Money market mutual fund assets plunged in the latest week, falling $65.43 billion to $3.418 trillion, according to the Investment Company Institute's latest weekly series. Outflows totaled $118 billion over the past 3 weeks, the first significant downturn in assets since January 2007 and the first 3-week consecutive decline since early 2006. While this may signal that the largest cash buildup in history may be at an end, keep in mind the volatile nature of weekly money fund assets, the significant impact of tax-payment outflows and the seasonal effects of normal month-end related outflows on money fund asset totals.
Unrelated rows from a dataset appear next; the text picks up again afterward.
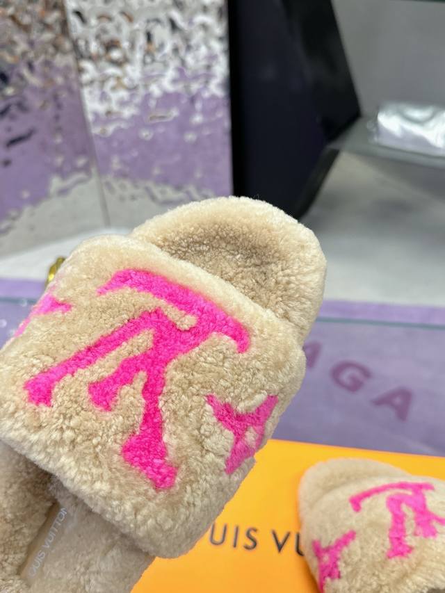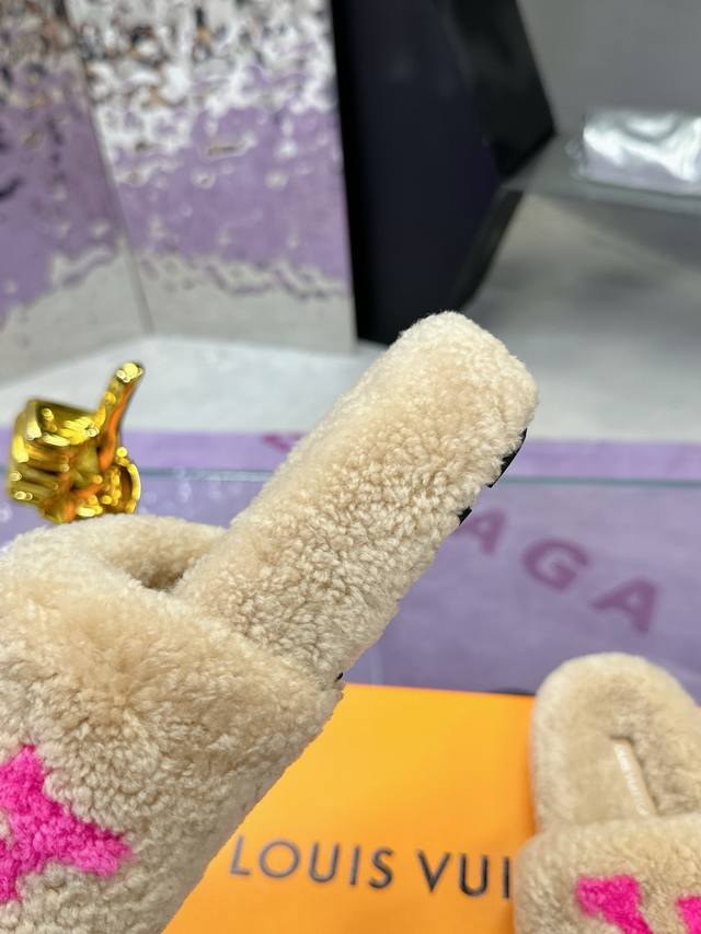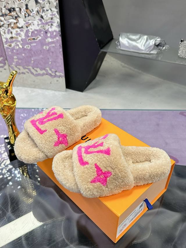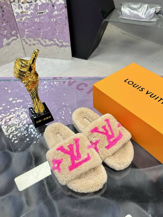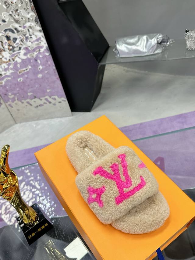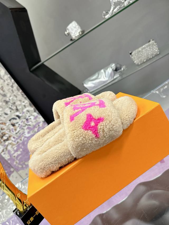 Factory price: 100% genuine wool, the highest-end version of the latest Loui Vuitt fashion slippers. Exclusive, original, custom-made wool slippers. A favorite of European and American celebrities, stars, and influencers. Stylish yet understated, simple and versatile. Natural rubber, non-slip and wear-resistant sole. Fabric/footpads: Grade A lambswool. Genuine leather footpads with brand logo. 1:1 molded outsole. Standard sizes: 35-40, 41, custom-made.
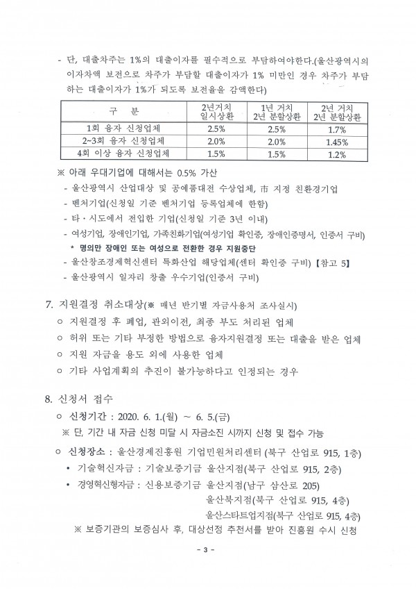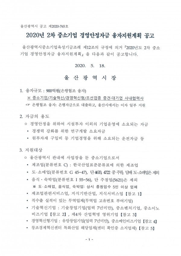 울산시에서는 아래와 같이 중소기업 경영안정자금 융자지원 한다고합니다. 신청접수 기간: 2020.6.1(월)~ 6.5(금) 상세내용은 아래 내용을 참고하시고 첨부파일의 서식을 활용하시기 바랍니다. |
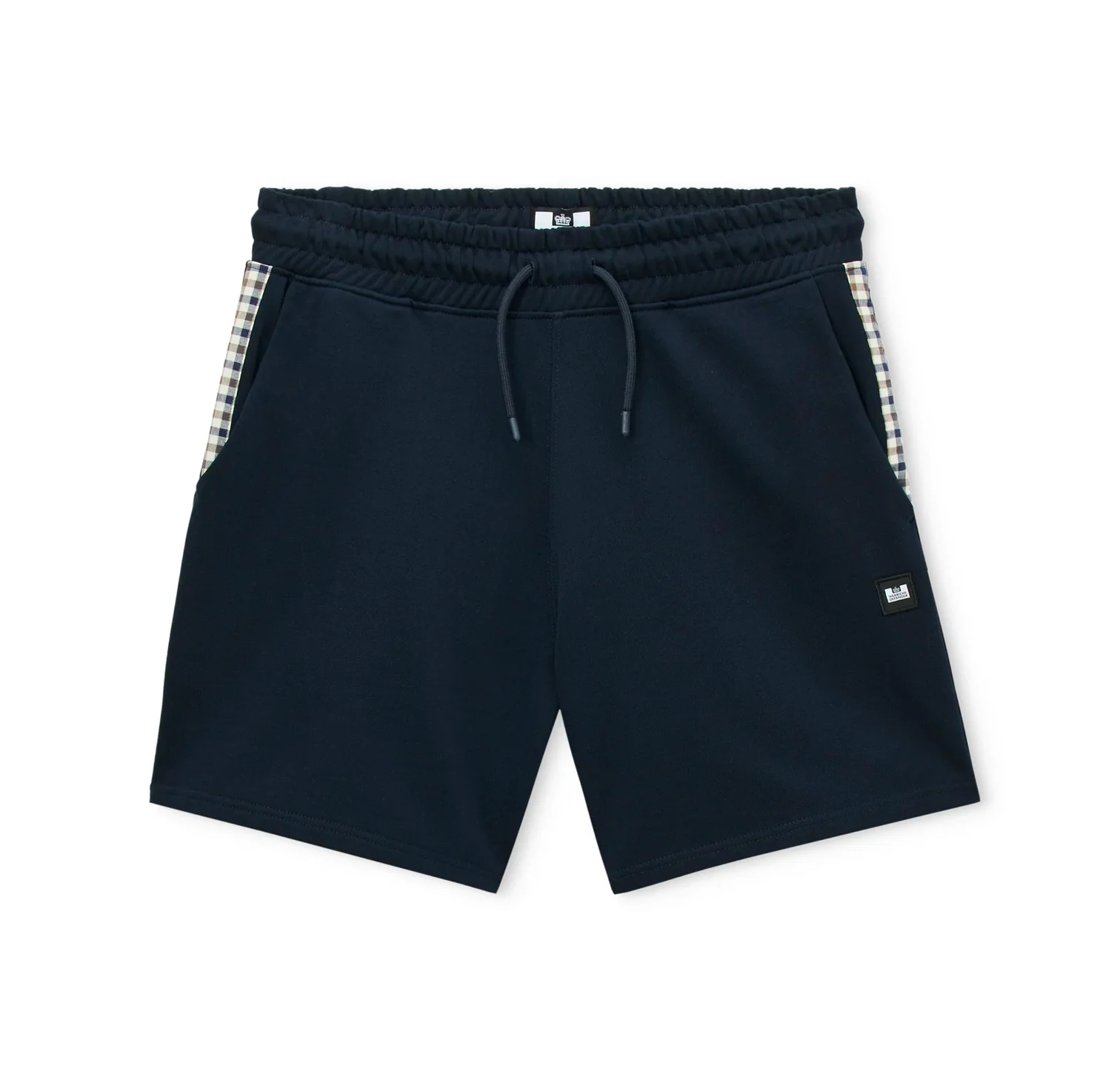 De elastische tailleband met trekkoord biedt een comfortabele en verstelbare pasvorm. Voorzien van schuine zijzakken met verborgen drukknoopsluiting en een stijlvolle mid house check voering. Aan de achterkant zit een nette welt pocket met verborgen sluiting. Afgewerkt met een subtiele WO badge op het been.
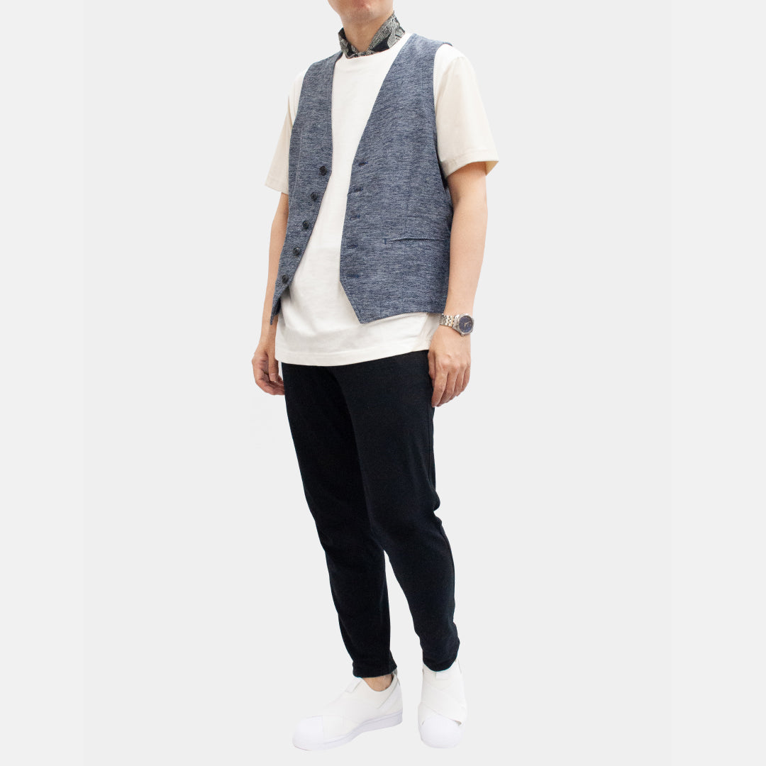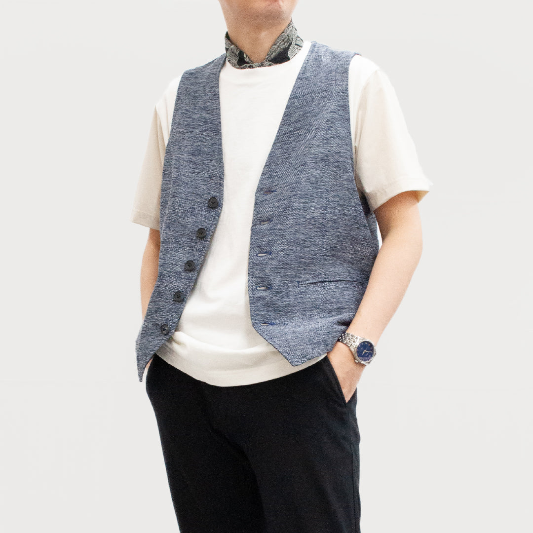 その生地は軽さ、通気性、ストレッチ、シワになりにくい等といった特性を持っており、春夏シーズンに最適な素材を使用したベスト。
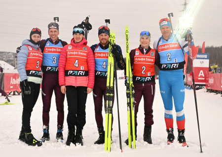 Три штрафных круга за всю дистанцию и 13 дополнительных патронов, итог - лучшее время старта - 1 час 12 минут 34,4 секунды. Второе место заняла сборная России-1, за которую выступали наши спортсмены Светлана Миронова, Анастасия Шевченко и Александр Поварницын (отставание 11,0 секунды; 1 штрафной круг + 11 доппатронов). На третьем месте в составе сборной России-4 оказался наш Эдуард Латыпов (+29,4; 3+10).
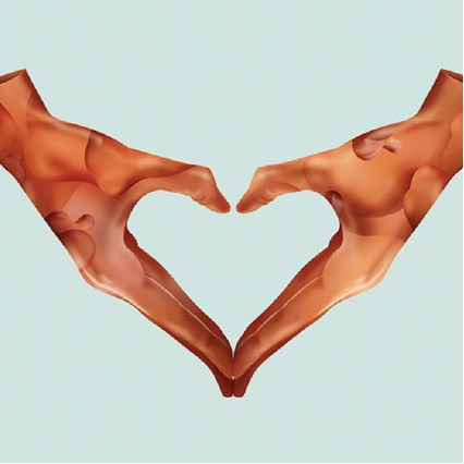 このカードは様々な場所で活躍されている人たちや、中立な立場で仕事をしている人たちの為のデザインです。手で形作られたシンメトリーなハートのモチーフは人が第一ということを表しています。

Retail money market mutual fund assets, now 36% of the total, declined by $18.22 billion to $1.232 trillion, while Institutional money fund assets declined by $47.21 billion to $2.186 trillion. Taxable assets accounted for $12.53 billion of the Retail drop and $46.84 billion of the Institutional drop. Year-to-date, money fund assets have still increased by $273.7 billion, or 8.7%, and the rolling 52 week increase retreated back below the $1 trillion level (up $971 billion, or 39.7%).
We expect inflows into money funds to be large next week, though the days of gangbuster 40% growth indeed are likely history. The beginning of the month always brings strong fund inflows as dividends, bond coupons and new funding payments hit money market accounts.
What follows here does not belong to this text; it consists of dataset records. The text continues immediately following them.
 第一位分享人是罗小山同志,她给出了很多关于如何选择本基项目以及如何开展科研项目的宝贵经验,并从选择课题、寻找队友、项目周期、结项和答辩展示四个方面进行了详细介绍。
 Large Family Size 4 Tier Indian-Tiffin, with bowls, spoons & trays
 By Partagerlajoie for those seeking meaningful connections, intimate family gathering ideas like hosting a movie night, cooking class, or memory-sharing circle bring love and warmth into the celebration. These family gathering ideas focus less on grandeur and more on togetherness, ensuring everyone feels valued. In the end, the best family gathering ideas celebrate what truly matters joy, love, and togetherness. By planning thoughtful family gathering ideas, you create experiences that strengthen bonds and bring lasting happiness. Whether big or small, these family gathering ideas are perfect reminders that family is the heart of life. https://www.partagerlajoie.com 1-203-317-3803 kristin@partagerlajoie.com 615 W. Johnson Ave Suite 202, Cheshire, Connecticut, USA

The Federal Reserve's most recent quarter-point cut (to 2%) hadn't been announced in time to impact this week's flows, but this should push more institutional cash into money funds. However, as expectations spread that the Federal Reserve may be done with its latest series of rate cuts, the substantial rate advantage that money funds have held over direct money market instruments will soon vanish.
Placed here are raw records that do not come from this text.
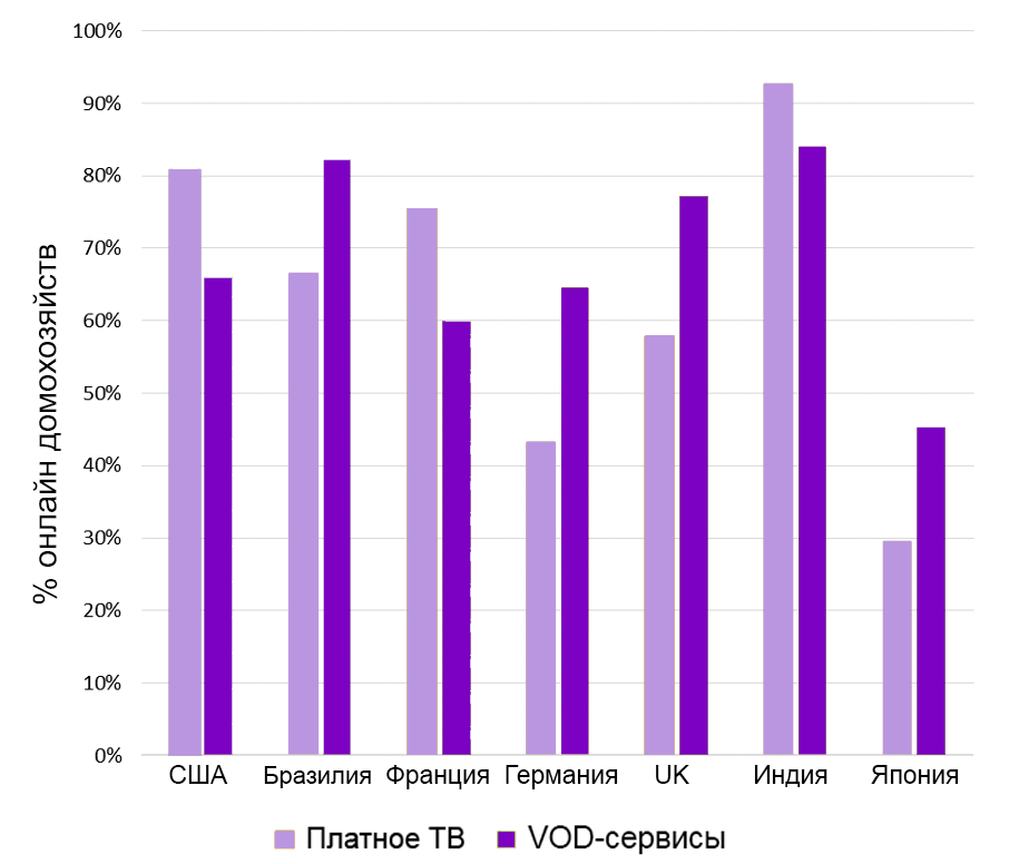 Зато в Европе ситуация развивается куда менее драматично. Согласно отчету Kagan, подразделения S&P Global Market Intelligence, европейские клиенты используют SVOD-сервисы как дополнительный источник развлекательного контента, а не заменяют ими платное ТВ.
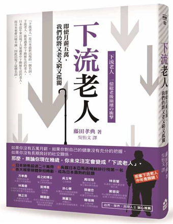 如果有一天,我們因此無法自食其力,能做些什麼扭轉局勢?*「下流老人」是日本最新出現的一個名詞,「下流」,指的是在社會底層,過著中下階層生活的人,下流老人,就是過著中下階層生活的老人。日本近年來出現了大量過著中下階層生活的老人,而且未來會只增不減,因此出現了這個名詞。
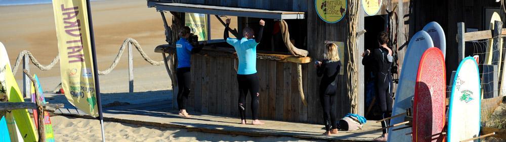 En bois entièrement démontable, un bel effort collectif permet de monter la cabane début mai. Lovée au flan de la dune en arrivant à droite sur la plage, elle propose en accès direct des cours de surf et des locations de planches (surf, body board, stand up…) à proximité de Biarritz. Conçue par Stéphane, elle s’insère parfaitement dans le décor naturel avec son ossature bois et ses éléments en bois flotté. Accueil des stagiaires pour les cours de surf ou la location de matériel, elle offre un confort simple et suffisant avec des vestiaires pour se changer et la terrasse face à l’océan pour se remettre d’une session ! L’équipe Natural reste toujours présente pour accueillir les stagiaires ou s’occuper des enfants entre deux cours. Le mardi soir en saison, la cabane prend une tournure festive pour l’organisation de notre barbecue hebdomadaire ouvert à tous les stagiaires : plancha, salades, verres de l’amitié, musique, coucher de soleil sont au programme de cette soirée qui permet à tout le monde de se retrouver pour parler de surf et des vacances !
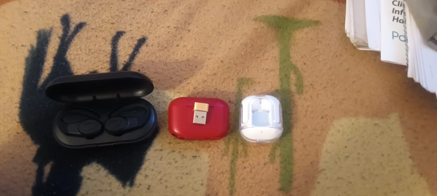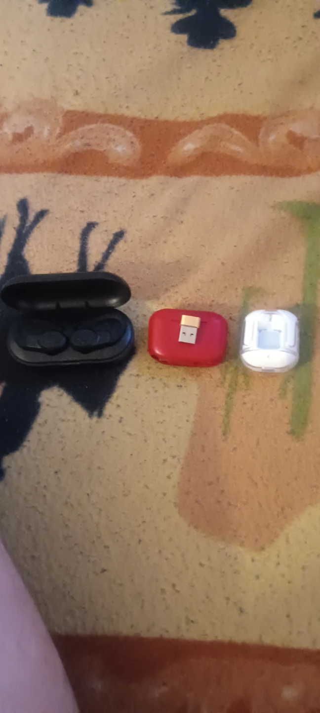 Black wireless earbuds come with a charging case and a USB dongle. They are a convenient option for listening to audio on the go. Case has a red exterior with a gold USB connector.
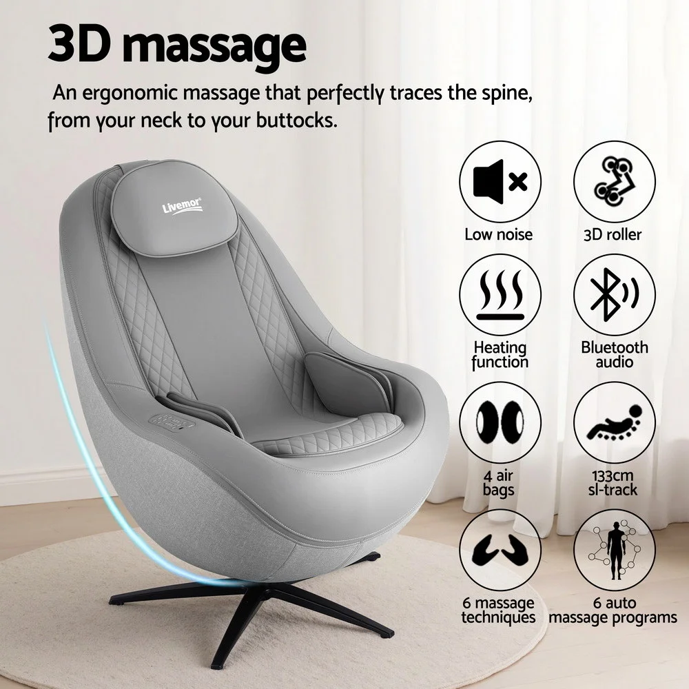 Take shelter from your busy life with our 3D Roli Electronic Massage Chair. Crafted with the latest massaging technology, the massage chair is a therapeutic marvel from top to bottom. The sophisticated 133cm SL-track design, 120-degree rotation and automatic zero gravity recline mimics the natural curve of your spine, providing a deep, therapeutic massage from your neck to your hips . It is jam-packed with premium features such as 6 auto massages, 6 various professional massage techniques, 4 pressure-adjustable airbags, and a luxuriously comfortable footrest. The waist-heated massage function adds to the total pleasure of relieving your body of aches and pains, while the adjustable massage intensity and airbag strength will keep you perfectly relaxed. You can listen to your favourite podcast, music or guided meditation with the built-in surround sound Bluetooth speaker. Activate all your preferred settings via the the control button. Take time out of your day to feel rested and rejuvenated with the 3D Roli Electronic Massage Chair. Get yours today.

Though money funds hope that investors who came for the yield will stay for the safety and liquidity, and past history indicates that most of the money indeed will remain, they'll no longer have the massive tailwind of falling rates to drive assets. However, money funds should remain attractive due to a continued preoccupation with quality in a volatile marketplace, and due to funds' unblemished record of safety during the current liquidity squeeze.